Kevyn William Adams (born October 8, 1974) is an American former professional ice hockey center and current general manager of the Buffalo Sabres of the National Hockey League. During his career, Adams played for the Toronto Maple Leafs, Columbus Blue Jackets, Florida Panthers, Carolina Hurricanes, Phoenix Coyotes and the Chicago Blackhawks, and was also a former associate coach for the Sabres.

Playing career 
Adams grew up in Clarence, New York and played his youth hockey for the Wheatfield Blades organization at a rink then known as Sabreland, where the Buffalo Sabres used to practice. Adams played collegiately for Miami University and was drafted in the 1st round, 25th overall by the Boston Bruins in the 1993 NHL Entry Draft. Adams has also played for the Florida Panthers, Columbus Blue Jackets, and Toronto Maple Leafs. His best season was 2000–01 when he had 29 points. The Carolina Hurricanes acquired Adams, Bret Hedican, and Tomas Malec on January 16, 2002 from the Panthers for Sandis Ozolinsh and Byron Ritchie. During the NHL lockout season in 2004–05, Adams played a short stint for the DEG Metro Stars in Düsseldorf, Germany. With the return of the NHL in 2005–06, he returned to Carolina, where he was an alternate captain on the Hurricanes Stanley Cup winning team that season. On January 8, 2007, he was traded to the Phoenix Coyotes for Dennis Seidenberg. On August 11, 2007, Adams was traded to the Chicago Blackhawks for Radim Vrbata. On October 7, 2008, Adams was released from the Blackhawks. On January 6, 2009, Adams retired to become a player-agent.
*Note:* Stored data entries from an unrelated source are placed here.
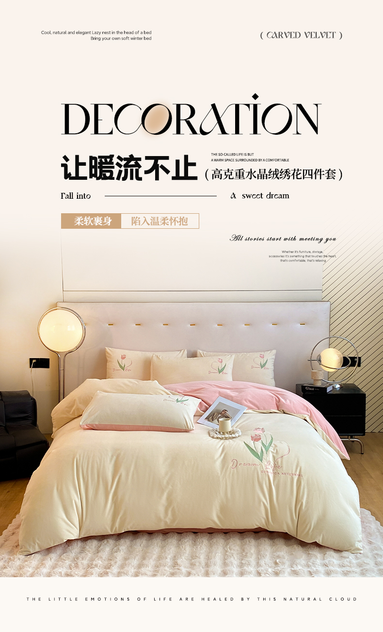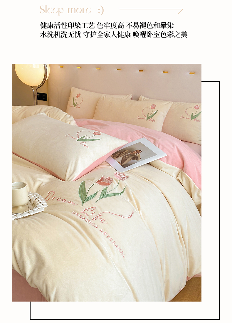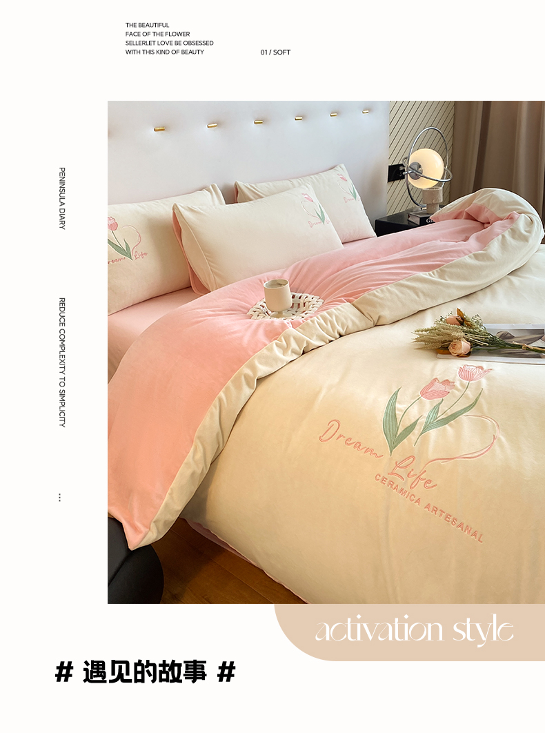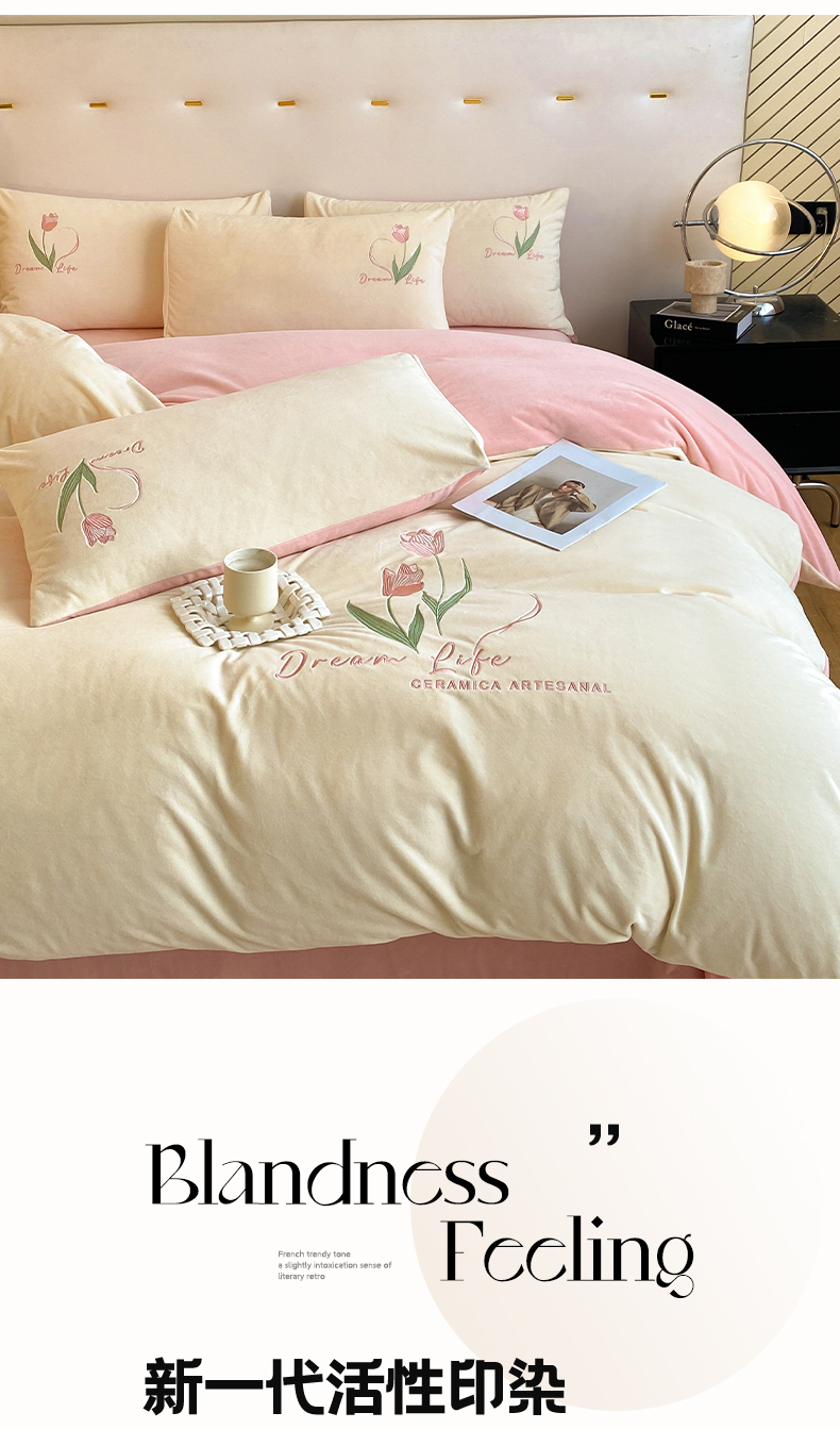 当前位置: 91家纺网 > 商品网购 > 床品套件 > 四件套 > 水晶绒四件套 > 如一 2025新款水晶绒双拼刺绣四件套-郁金香系列 郁金香-奶白粉
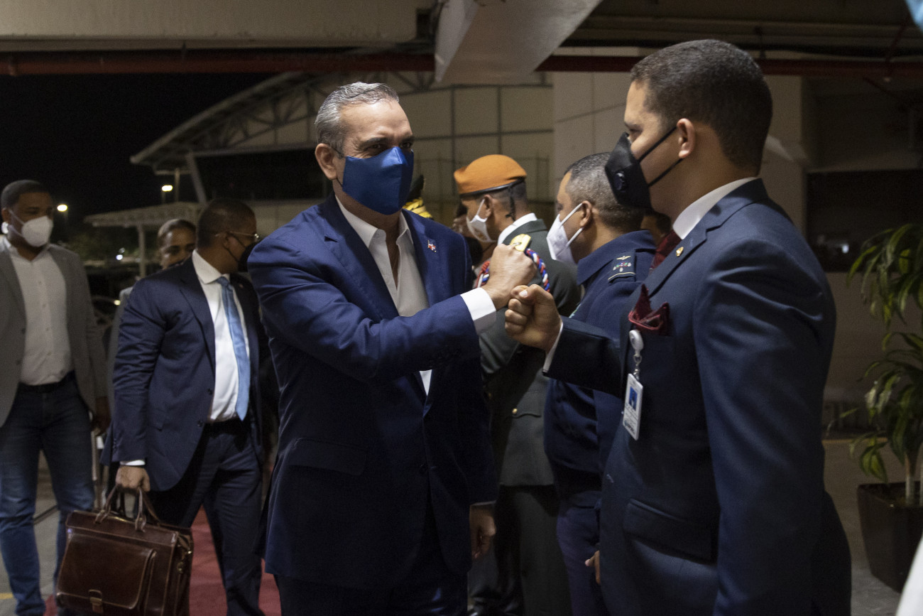 La vicepresidenta Raquel Peña le da la despedida al Presidente Luis Abinader, quien viajara este sábado a Madrid, España, donde agotará una intensa jornada de trabajo que incluye reuniones con el rey don Felipe VI, el presidente del Gobierno español, Pedro Sánchez Pérez y los expresidentes José María Aznar y Felipe González. Santo Domingo, República Dominicana. 17 de Abril 2021. Vp/ Jhon Escalante
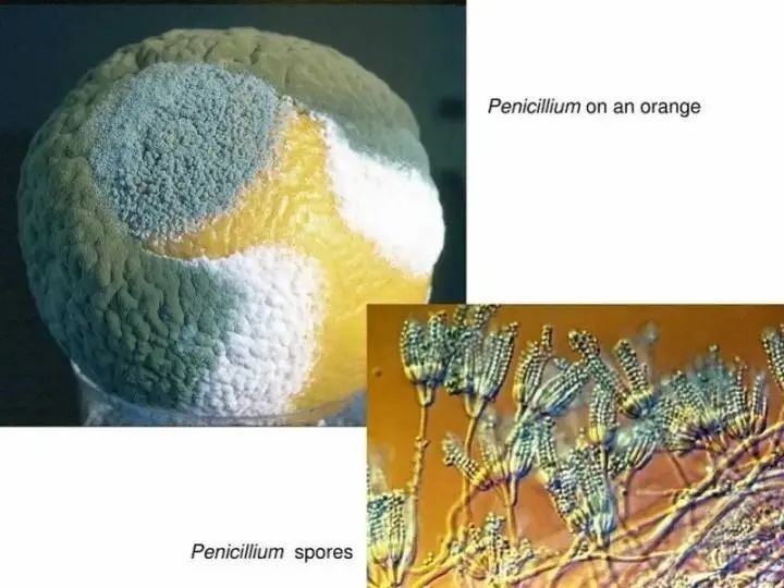 橘子皮上长的霉菌以展青霉为主。展青霉本身是无色或淡色的,但其繁殖形成的孢子是蓝绿色,就是我们肉眼可见的“绿毛”。它们的次级代谢产物展青霉素,虽然与大名鼎鼎的青霉素只有一字之差,但两者的功效却是天壤之别。青霉素是由特异青霉产生的能够抑制细菌生长的抗生素,但展青霉素却是一种有害的毒素。
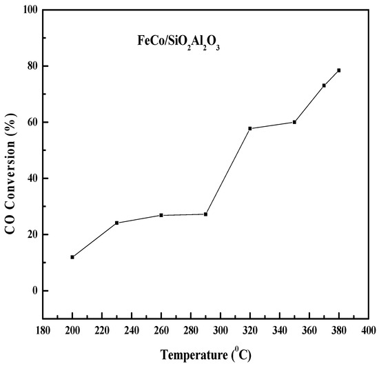 Fischer–Tropsch synthesis (FTS) reactions were conducted in a stainless steel microreactor over a temperature range of 200 °C to 350 °C to determine the optimum reaction temperature for CO conversion and hydrocarbon selectivity. The reactions were performed using a constant H2:CO molar ratio of 2:1, with a gas hourly space velocity (GHSV) of 12,000 h−1 and a pressure of 20 bar. The N2 gas flow rate was maintained at 1.5 mL/min. CO conversion and hydrocarbon selectivity were calculated using the equations below [57,58]. Although CO2 formation is important because of the water–gas shift reaction, it was not considered for the hydrocarbon selectivity calculation. The effect of reaction temperature on CO conversion and hydrocarbon selectivity for the Co/SiO2Al2O3 catalyst was discussed extensively in our previous paper [35].
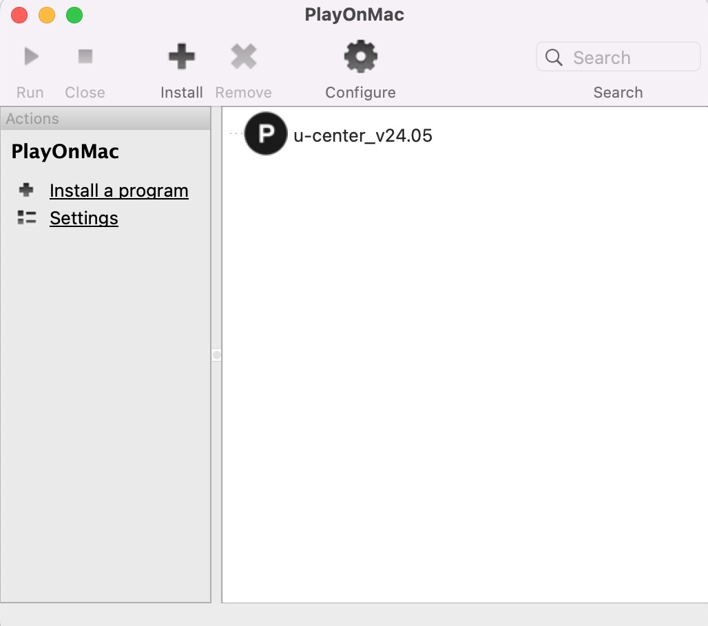 - Open PlayOnMac. Select u-center and click Run on the left menu.
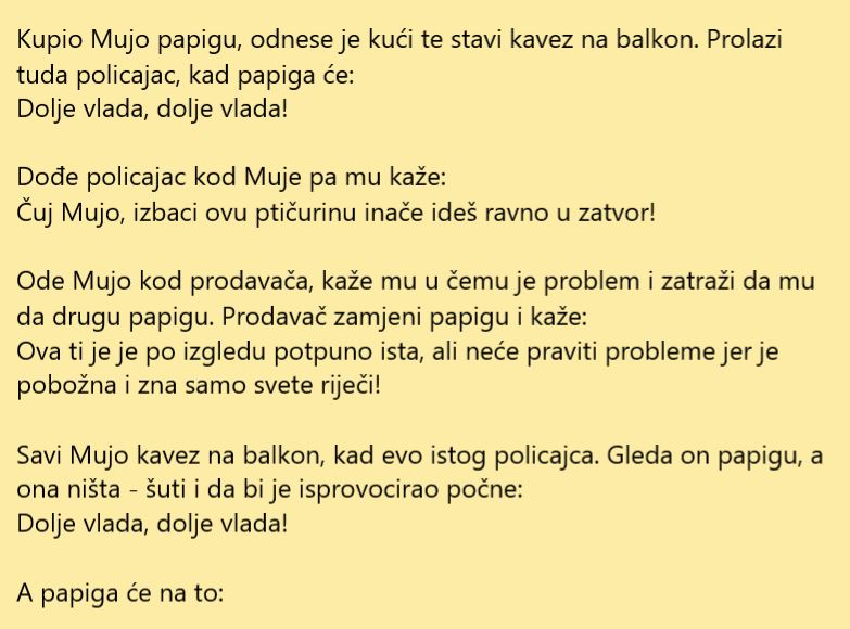 Papige su životinje koje su od početka svog postojanja fascinirale ljude. Najviše je fascinantna sposobnost govora, odnosno tačnije sposobnost imitiranja zvukova iz njene okoline. U ovoj priči imamo Muju koji je kupio papigu koja priča ali je pravila problem zbog stvari koje je pričala.
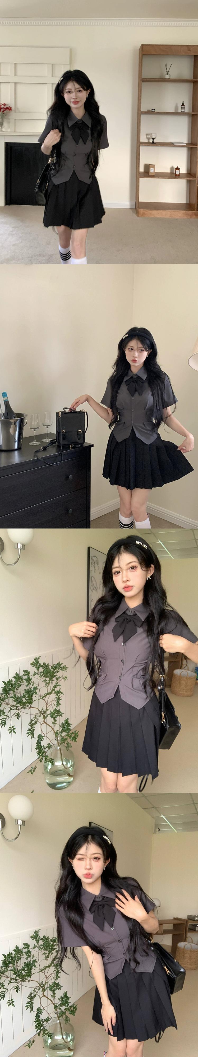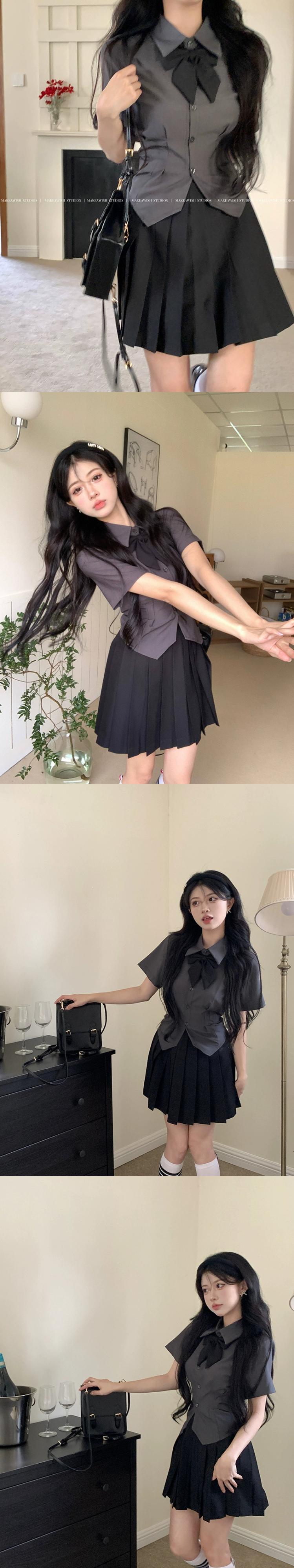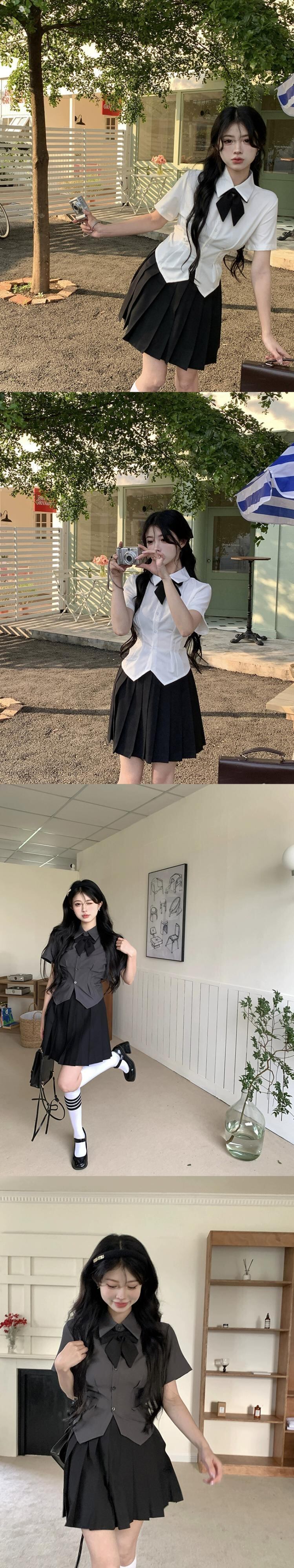 色:グレーのトップ+蝶ネクタイ,白いシャツ+蝶ネクタイ,黒スカート
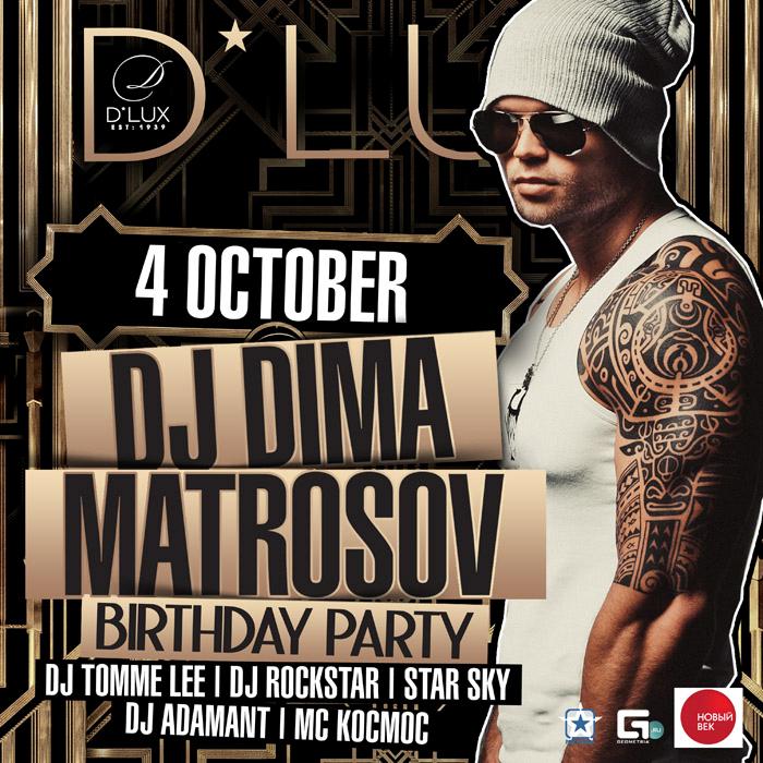 4 октября в развлекательном комплексе D*Lux празднует свой День Рождения красавец, спортсмен, телезвезда и талантливый резидент - DJ DIMA MATROSOV! Именинника поздравят лучшие диджеи столицы: Dj Tommy Lee, DJ Rockstar, DJ Star Sky, Dj Adamant.
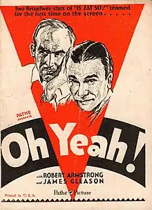 Oh, Yeah! (also written as Oh, Yeah?) is a 1929 American action film directed by Tay Garnett and starring Robert Armstrong, James Gleason and Zasu Pitts. The film's sets were designed by the art director Edward C. Jewell. An early sound film, it was made during the transition from the silent era. It is also known by the alternative title No Brakes after the original story it is based on that appeared in The Saturday Evening Post.[1]
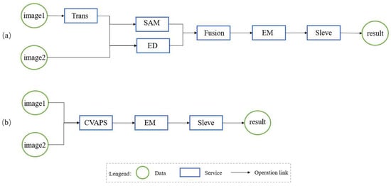 Two generated change detection service chains. (a) A service chain based on the constraint-aware GraphPlan algorithm; (b) A service chain bases on the traditional GraphPlan algorithm.
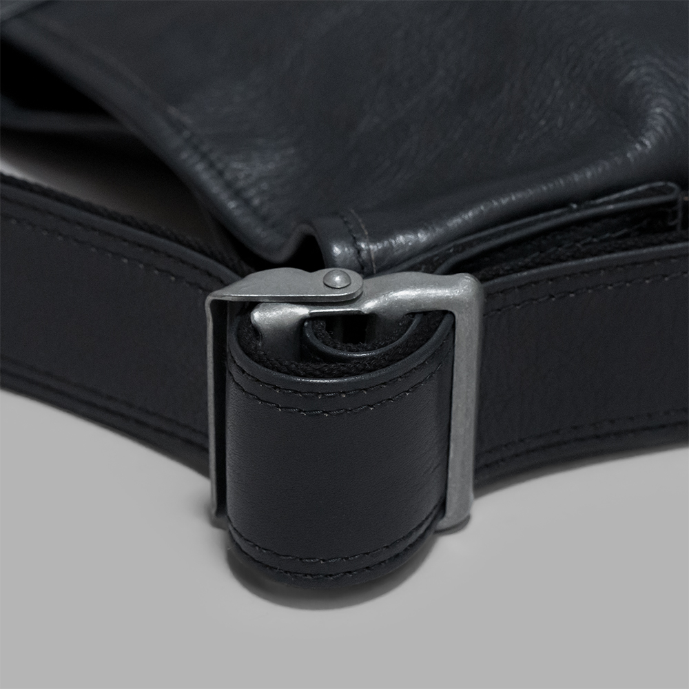 ショルダーストラップの長さは調整が可能で、古いミリタリーバッグに使用されていそうな大ぶりのアジャスターが付きます。手提げで持つ時は、ストラップを中のバッグに収納することもできます。開口部は真鍮のフック留めの仕様です。中はコットンの総裏でしっかり仕立てられ、大きめの内ポケットを1つ付けています。
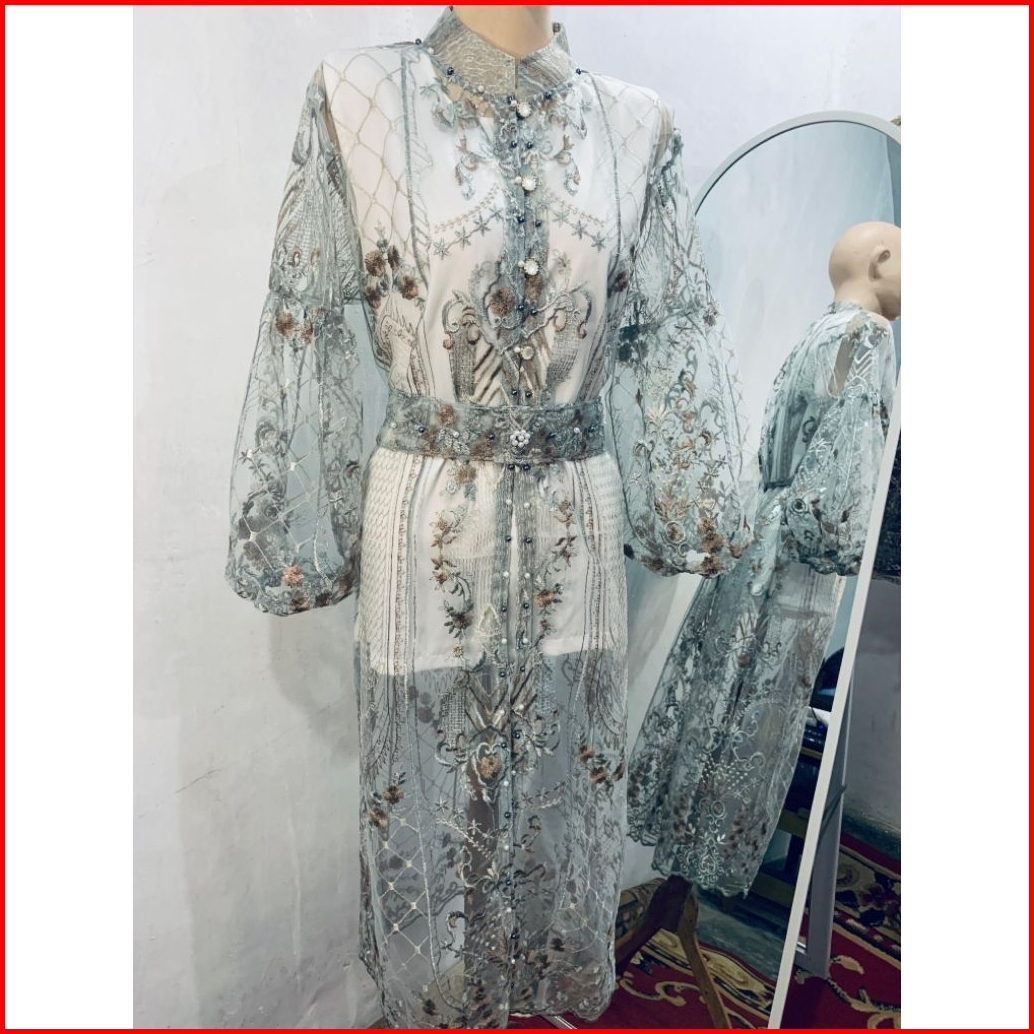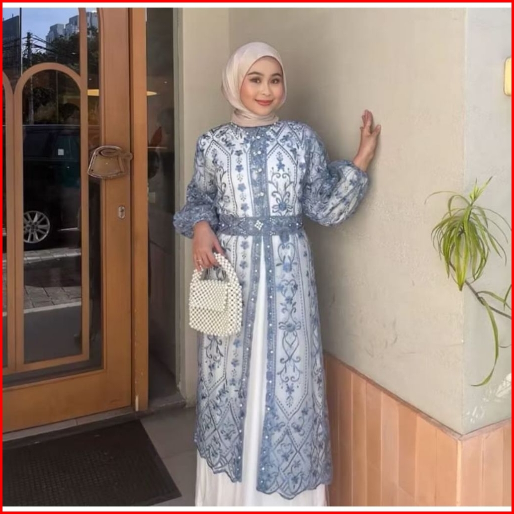 Azzura Outer Brukat Dres Gamis Full Mutiara Outer Brukat Sapto Atasan Wanita Outer Brukat Kondangan Lebaran Modern

Coaching and management career 
On August 3, 2011, Adams was named Assistant Coach of the Buffalo Sabres.  He was fired on May 9, 2013, two days after the Sabres named Ron Rolston as their new head coach. Adams was named the Senior Vice President of Business Administration for the Sabres in 2019. On June 16, 2020, he was named the team's general manager, replacing the recently-fired Jason Botterill.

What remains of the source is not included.